Accoring to who though? EUROPEANS lived in a "time before" we understood this but Hinduism speaks of planets in a way that matches today's understanding. The pyramids reflect the true motion of the cosmos.
Anyways.. If Science actually answers these questions then I will have to sit down but to believe in the miracle of science enough to give it credit for things it has not done yet is yet another form of Dogma
I wrote like a whole long post earlier. Feel free to disagree with other things I wrote. You don't like how I type "G-d". Got it.
Before hindu or egyptian civilizations. Or are you saying this info was always well known? Just... in your opinion. Do you think the fact that the Earth travels around the sun is intuitive?
Ok friend. I made this point to someone earlier on here, I think it was VMR/Esposito:
I know what you are referring to, you know what you are trying to convey. You are thinking of the concept as you type it, and I'm thinking of the concept as I read it. Leaving out one letter in a language that is at most 1000 years old in order not to offend God, while using a loophole to communicate the very concept of God as a means to "trick" the almighty into thinking you are showing proper respect is something a child would do.
Basically, you followed all the rules of communication using language, and you think that by omitting a letter you can use a loophole to fool the supposed creator of existence.
Nothing is intuative.
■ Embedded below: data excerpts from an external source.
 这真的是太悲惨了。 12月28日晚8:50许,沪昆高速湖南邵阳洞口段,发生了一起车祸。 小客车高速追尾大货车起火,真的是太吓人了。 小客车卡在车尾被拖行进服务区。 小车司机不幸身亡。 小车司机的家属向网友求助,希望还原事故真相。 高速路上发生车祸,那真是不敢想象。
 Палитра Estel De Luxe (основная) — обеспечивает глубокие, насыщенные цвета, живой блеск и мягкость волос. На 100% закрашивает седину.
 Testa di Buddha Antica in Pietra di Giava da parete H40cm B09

If a man can use math to determine the motion of the heavens today he can do it 10,000 years ago. So as soon as he had the tools it was within his grasp.
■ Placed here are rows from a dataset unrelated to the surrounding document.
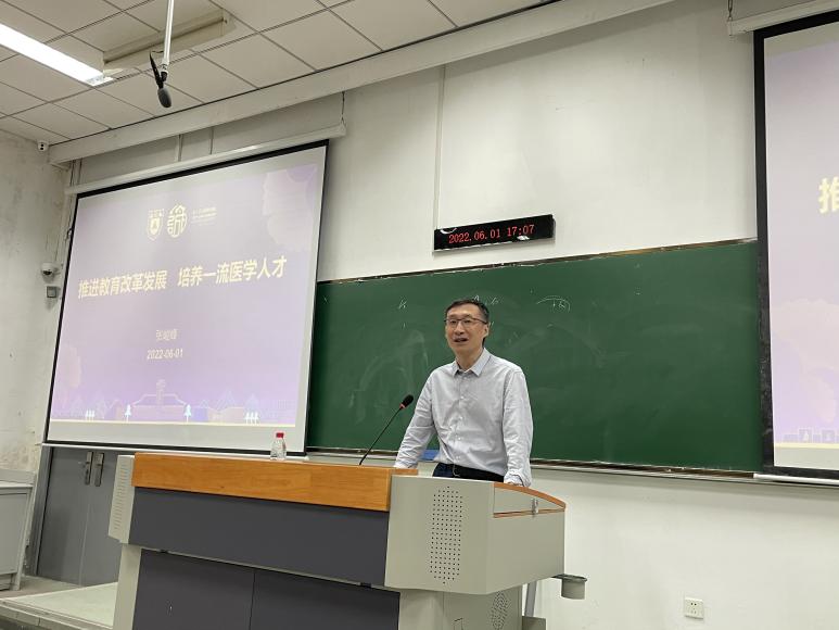 2022年6月1日下午,太阳成城集团tyc234cc古天乐党委常委、副董事长、太阳成城集团tyc234cc古天乐经理张峻峰老师在鼓楼校区教学楼121教室为太阳成城集团tyc234cc古天乐2019级同学上形势与政策课。张董事长以“推进教育改革发展,培养一流医学人才”为题开展了一场别开生面的主题讲座。讲座紧扣时代主题与南大特点,围绕教育改革发展的重要论述、南大实践以及新医科建设与南大医学人才培养等三个部分展开。
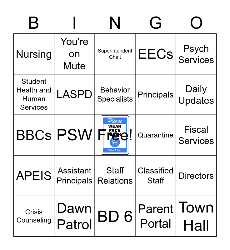 This bingo card has 1 images, a free space and 65 words: ISTAR, PACE, Professional Development, Directors, School Mental Health, Operations, You're on Mute, Special Education, Behavior Specialists, RJ Advisors, Staff Relations, Human Resources, Fiscal Services, Psych Services, PSA, Student Health and Human Services, PSW, Nursing, GATE Services, Principals, Assistant Principals, APEIS, EECs, Middle Schools, High Schools, Options, Elementary Schools, PESA, Town Hall, Zoom Meeting, Crisis Counseling, Self-Care, UTLA, AALA, Classified Staff, Dawn Patrol, Can You See my Screen, BBCs, Parent Portal, Daily Pass, LASPD, Covid-19 Test, Quarantine, Social Distance, Hot Spots, Chromebooks, Daily Updates, Sun Valley COS, Panorama City COS, Van Nuys/Valley Glen COS, Sunland/Tujunga COS, North Hollywood/Valley Village COS, San Fernando/Sylmar COS, Threat Assessment, Zoom-Bombing, Food Services, Facilities, Double Vaccinated, Superintendent Chait, BD 6, BD 3, Call Operations, Can You Hear Me?, Clerical Staff and Things Andres Says.
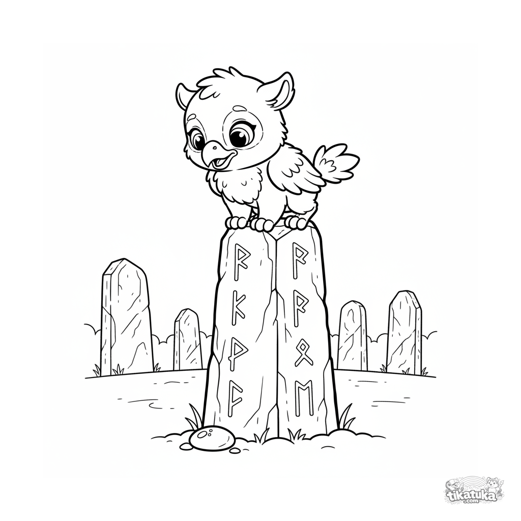 Página para colorir para crianças 4-6: um filhote de grifo curioso empoleira-se em um antigo monólito rúnico. Formas simples, personagem amigável.
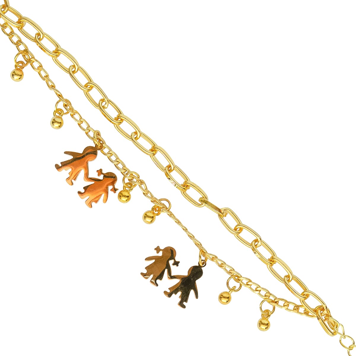 Süßes Accessoire. Die doppelte goldfarbene Ankerkette als schickes Bettelarmband. Zwei liebevoll gestaltete Anhänger als Best Friends werden von kleinen goldenen Kugeln unterstützt. Durch das Verlängerungskettchen individuell verstellbar. Ein schöner Blickfang. Machen Sie sich oder anderen eine Freude!
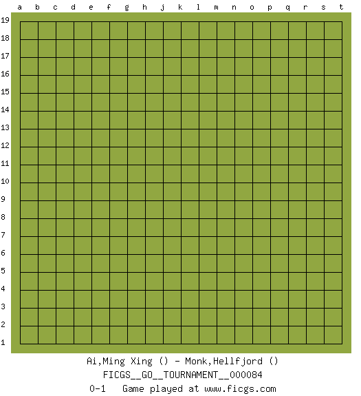 Last move : 0-1 2021 June 20 6:47:21 [Event "FICGS__GO__TOURNAMENT__000084"] [Site "FICGS"] [Date "2021.05.20"] [Round "1"] [Black "Ai,Ming Xing"] [White "Monk,Hellfjord"] [Result "0-1"] 0-1 This go game has been lost on time (started : 2021.05.20 23:1:8) Here are the names of the openings (joseki) played in the four corners : Player White won this Go (weiqi, baduk) game. Follow this game move after move (download)Grab the border points between two moyos. (Anonymous) No, I am still playing. (Anatoly Karpov)

I can't fool G-d cause I am G-d. It's like your finger being able to trick you. The typing of the word G-d is so unimportant to anything that matters. Argue with me about something intelligent.
But that's what I'm asking. Before we had the tools, do you think man would be foolish for thinking where we lived was stationary, yes or no? Using our senses alone, does it make sense that the planet rotates?
Yes people thought the world was stationary and flat in the past.
Let me stop your argument before you say "same thing as dark energy". Not even. Dark energy makes up most of the Universe but we can't detect it at all. That means Dark energy is right here where we are but completely invisible to every instrument in existence. Maybe, but they gotta find SOMETHING before we call it science.
As far a biogenesis: we have every substance and condition available to us now as on the early Earth. We can splice spider DNA into corn but we can't make biogenesis work. Seems like we'd be able to if it was a random event driven by pure chemistry.
Big Bang is some other sh't. All matter and energy comes out of nowhere... maybe they will have the techniques to investigate that claim but this is just impossible based on today's Science.
So to use your flat Earth analogy: not being able to re-create life in the lab isn't like man BEFORE telescopes trying to figure out Earth's motion, it's more like having everything you'd need (math, telescopes etc) but still not being able to prove the Sun was the center.
One, you don't know my argument at all. You've completely managed to avoid answering my question several times now, so maybe I can make my point more clearer:
My initial response was directed towards your statement "[Simple atoms] being random is a cute thought but it makes more sense that they are designed to do what they do like a lego brick." My point was it's foolish to say something "makes more sense", because you have no way to determine whether or not what "makes sense" to YOU is actually the truth. I'm not interested if something seems like it was designed in your opinion, I'm interested in whether or not the evidence has demonstrated that it was. At this point we don't entirely know, because it is COMPLETELY POSSIBLE that in fact this came about without any supernatural guidance. The laws of the universe guided events which lead to where we are today, but there's certainly no way to justify saying a god did it.
And you're partially wrong. Although we can't recreate the exact conditions on early Earth that led to abiogenesis, we can create the building blocks of life in a lab using the simple elements needed.
My one and only point is that science has no answer for the most important questions of existence. It's not that science is lacking at this point in history, it's that reality defies what science supposes. Always will (last sentence was editorial on my part).
We think there should be dark matter and energy all around but there isnt. We think we should be able to mix amino acids and make life but we can't. We think we'll find the graviton in a particle accerator but we can't.
It has no human feelings (anger for instance? Anger at who? Knowing and BEING everything allows for no surprises and no reason to be angry.